[Task details]
Your answer should consist solely of the lines from the first line of the data through the line with "Using a printing", each reproduced exactly.

--- Input for this task Enclosed Below ---

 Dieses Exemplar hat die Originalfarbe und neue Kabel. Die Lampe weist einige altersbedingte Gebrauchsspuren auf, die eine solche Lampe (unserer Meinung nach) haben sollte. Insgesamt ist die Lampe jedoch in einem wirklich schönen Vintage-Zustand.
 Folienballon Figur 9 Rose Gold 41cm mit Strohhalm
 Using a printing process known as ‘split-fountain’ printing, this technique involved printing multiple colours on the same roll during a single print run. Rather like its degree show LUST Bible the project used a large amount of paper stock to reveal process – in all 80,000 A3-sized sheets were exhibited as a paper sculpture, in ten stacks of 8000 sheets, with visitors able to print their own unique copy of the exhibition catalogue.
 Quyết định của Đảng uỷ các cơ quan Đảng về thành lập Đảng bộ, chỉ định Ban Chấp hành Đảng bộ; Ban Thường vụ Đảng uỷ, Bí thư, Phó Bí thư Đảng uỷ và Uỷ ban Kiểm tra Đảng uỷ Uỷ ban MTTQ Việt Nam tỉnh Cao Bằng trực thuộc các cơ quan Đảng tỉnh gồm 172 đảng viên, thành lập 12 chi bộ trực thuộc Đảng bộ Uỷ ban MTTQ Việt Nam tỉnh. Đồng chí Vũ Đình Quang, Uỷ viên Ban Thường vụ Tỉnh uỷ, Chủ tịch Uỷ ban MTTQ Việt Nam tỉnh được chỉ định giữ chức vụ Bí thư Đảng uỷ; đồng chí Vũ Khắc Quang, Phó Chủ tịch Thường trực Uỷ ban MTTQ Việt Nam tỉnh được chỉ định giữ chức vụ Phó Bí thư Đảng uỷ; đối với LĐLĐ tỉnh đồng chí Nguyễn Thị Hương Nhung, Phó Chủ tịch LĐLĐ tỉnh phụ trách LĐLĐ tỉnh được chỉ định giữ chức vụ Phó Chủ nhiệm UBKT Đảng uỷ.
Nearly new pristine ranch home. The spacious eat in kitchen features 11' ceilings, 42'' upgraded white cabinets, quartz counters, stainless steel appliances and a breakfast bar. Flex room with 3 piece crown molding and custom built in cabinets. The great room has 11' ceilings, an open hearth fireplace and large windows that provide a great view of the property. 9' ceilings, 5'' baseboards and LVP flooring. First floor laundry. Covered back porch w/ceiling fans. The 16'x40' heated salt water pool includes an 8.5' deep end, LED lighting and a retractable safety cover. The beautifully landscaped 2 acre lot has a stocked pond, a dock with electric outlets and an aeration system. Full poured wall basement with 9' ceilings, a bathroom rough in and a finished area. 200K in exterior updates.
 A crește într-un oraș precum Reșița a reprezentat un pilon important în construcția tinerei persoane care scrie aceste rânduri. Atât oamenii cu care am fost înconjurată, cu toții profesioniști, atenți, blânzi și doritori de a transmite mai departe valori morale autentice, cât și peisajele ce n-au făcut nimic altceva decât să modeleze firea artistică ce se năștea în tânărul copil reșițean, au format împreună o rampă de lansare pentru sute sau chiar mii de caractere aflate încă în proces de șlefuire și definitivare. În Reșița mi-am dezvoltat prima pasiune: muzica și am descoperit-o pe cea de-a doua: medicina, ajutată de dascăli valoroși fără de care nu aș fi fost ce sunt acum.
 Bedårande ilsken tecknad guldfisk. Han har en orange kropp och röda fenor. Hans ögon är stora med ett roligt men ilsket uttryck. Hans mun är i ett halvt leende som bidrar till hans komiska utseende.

--- End of Enclosed Input for this task ---

[Answer]
 Dieses Exemplar hat die Originalfarbe und neue Kabel. Die Lampe weist einige altersbedingte Gebrauchsspuren auf, die eine solche Lampe (unserer Meinung nach) haben sollte. Insgesamt ist die Lampe jedoch in einem wirklich schönen Vintage-Zustand.
 Folienballon Figur 9 Rose Gold 41cm mit Strohhalm
 Using a printing process known as ‘split-fountain’ printing, this technique involved printing multiple colours on the same roll during a single print run. Rather like its degree show LUST Bible the project used a large amount of paper stock to reveal process – in all 80,000 A3-sized sheets were exhibited as a paper sculpture, in ten stacks of 8000 sheets, with visitors able to print their own unique copy of the exhibition catalogue.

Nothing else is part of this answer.